Always end a change with:

```bash
npm run format && npm run lint && npm run build && npm test
```

## 3. Layout

| Path | Purpose |
|------|---------|
| `src/cli/` | commander-based CLI, REPL, raw-mode input editor |
| `src/core/` | orchestrator, agentic loop, mode policy, validation gate |
| `src/agents/` | planner, architect, executor, reviewer, debugger, memory |
| `src/models/` | providers (ollama/openai/anthropic/llamacpp/vllm/lmstudio), router, adapter, catalog |
| `src/tools/` | 18 tools |
| `src/permissions/` | risk + interactive permission manager |
| `src/sandbox/` | path-safe fs + command risk classifier |
| `src/persistence/` | tasks/sessions/conversations/events + SQLite |
| `src/memory/` | hot/warm/cold/learning |
| `src/ui/` | HTTP + WS dashboard + static app |
| `src/mcp/` | MCP bridge |
| `test/unit/` | vitest unit tests |
| `docs/` | ARCHITECTURE, INSTALL, SETUP, metrics |
| `.github/workflows/` | ci, release, nightly |
| `docker/` | Dockerfile + compose |

## 4. Rules

### Must

- Keep `npm test` at **100%** pass.
- Respect the state machine in `src/persistence/tasks.ts`.
- Gate every new tool through `requestPermission`.
- Classify model ids through `src/models/local-catalog.ts` (don't
  hand-roll regexes in a new provider).
- Add a unit test for any new logic in `src/core`, `src/agents`, or
  `src/tools`.

### Must not

- Bypass the permission system.
- Introduce network calls in tests — use `vi.mock`.
- Log credentials.
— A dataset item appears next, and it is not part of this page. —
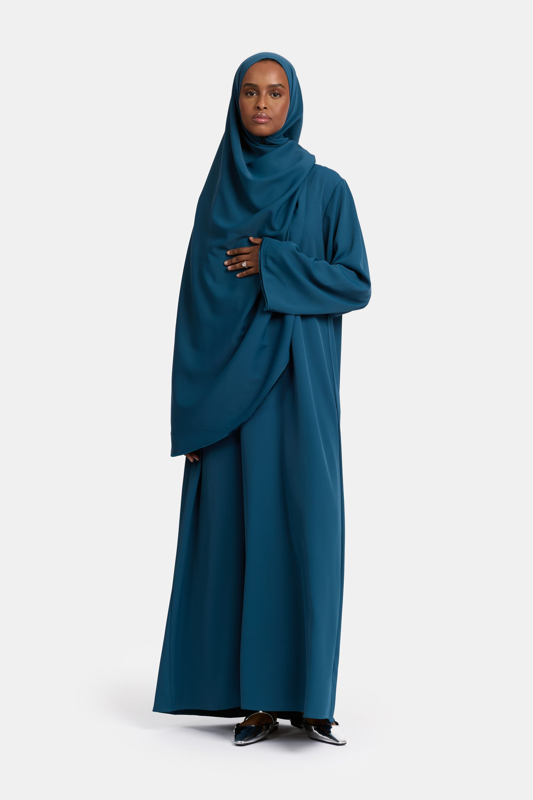 Wat deze abaya écht bijzonder maakt, is de subtiele maar luxe velvet afwerking aan zowel de kraag als de mouwen. De fluweelzachte touch voegt nét dat beetje extra toe perfect voor speciale gelegenheden of wanneer je een elegante en verfijnde look wilt creëren.

Use `src/security/redact.ts`.
- Add dependencies without a clear reason.
- Rename exported APIs without updating every caller + the docs.

### Good defaults

- Prefer `readonly` / immutable data flow.
- Prefer function modules over classes unless state really needs
  encapsulation (see the provider classes for the accepted shape).
- Prefer explicit `Result<T, E>`-style shapes over thrown errors for
  expected failures. Throw only for programmer errors.

## 5. Testing

Vitest. Patterns to copy:

- Stubbing `callModel`: see `test/unit/executor-loop.test.ts`.
- Stubbing providers: see `test/unit/adapter.test.ts`.
- Tempdir + cleanup: see `test/unit/validation-gate.test.ts`.

## 6. CI quick reference

9 parallel jobs on every PR:

1. 🎨 format (prettier --check)
2. 🧹 lint (eslint)
3. 🧠 typecheck (tsc --noEmit)
4. 🧪 test (matrix: ubuntu + macOS × Node 20 + 22)
5. 📈 coverage
6. 🏗️ build (full `npm run build`)
7. 🐳 docker-build (catches Dockerfile drift)
8. 🔐 audit (npm audit, informational)
9. 📊 pipeline status (aggregates + fails if any required job failed)
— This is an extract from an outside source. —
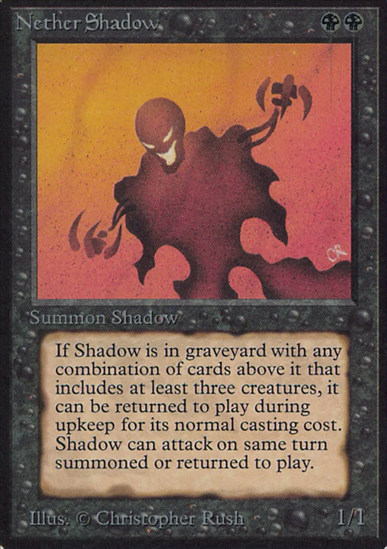| Oracle Text | Haste At the beginning of your upkeep, if Nether Shadow is in your graveyard with three or more creature cards above it, you may put Nether Shadow onto the battlefield. | ||

Release (tag `v*`): 6-stage pipeline — gate, artifacts, docker publish to
GHCR, signed manifest + GH release, npm publish (provenance), status.

## 7. Performance posture

The product runs on personal machines, often alongside Ollama. Keep it
lean:

- No UI framework (app shell is vanilla JS + CSS, < 100 KB).
- No synchronous disk reads on REPL redraw or UI poll paths.
- Default executor turn cap in `src/core/mode-policy.ts`.
- Watchers are ref-counted so multiple surfaces share one file watcher.
- Providers do 1.5 s availability probes, not long timeouts.

## 8. Security posture

- All paths resolved to realpath + confined to project root.
- All tool invocations classified by risk × sideEffect and gated.
- Shell commands classified before execution; `critical` is hard-blocked.
- Credentials via `src/keychain/` (macOS keychain / libsecret / DPAPI).
- Prompt injection fenced by `src/security/injection.ts`.

## 9. Useful anchors

- Why the agentic loop works: [docs/ARCHITECTURE.md §2](docs/ARCHITECTURE.md#2-agentic-loop)
- State machine diagram: [docs/ARCHITECTURE.md §3](docs/ARCHITECTURE.md#3-task-state-machine)
- Mode caps table: [docs/ARCHITECTURE.md §4](docs/ARCHITECTURE.md#4-executor--iterative-tool-use-with-validation-gate)
- Provider routing: [docs/ARCHITECTURE.md §6](docs/ARCHITECTURE.md#6-model-routing--provider-registry)
- Dev setup: [docs/SETUP.md](docs/SETUP.md)
- Install: [docs/INSTALL.md](docs/INSTALL.md)

## 10. When uncertain

Read the failing test first. Then read `src/core/loop.ts`. Then ask.
Surfacing "I don't know what this invariant is" is better than guessing
and breaking a test six commits later.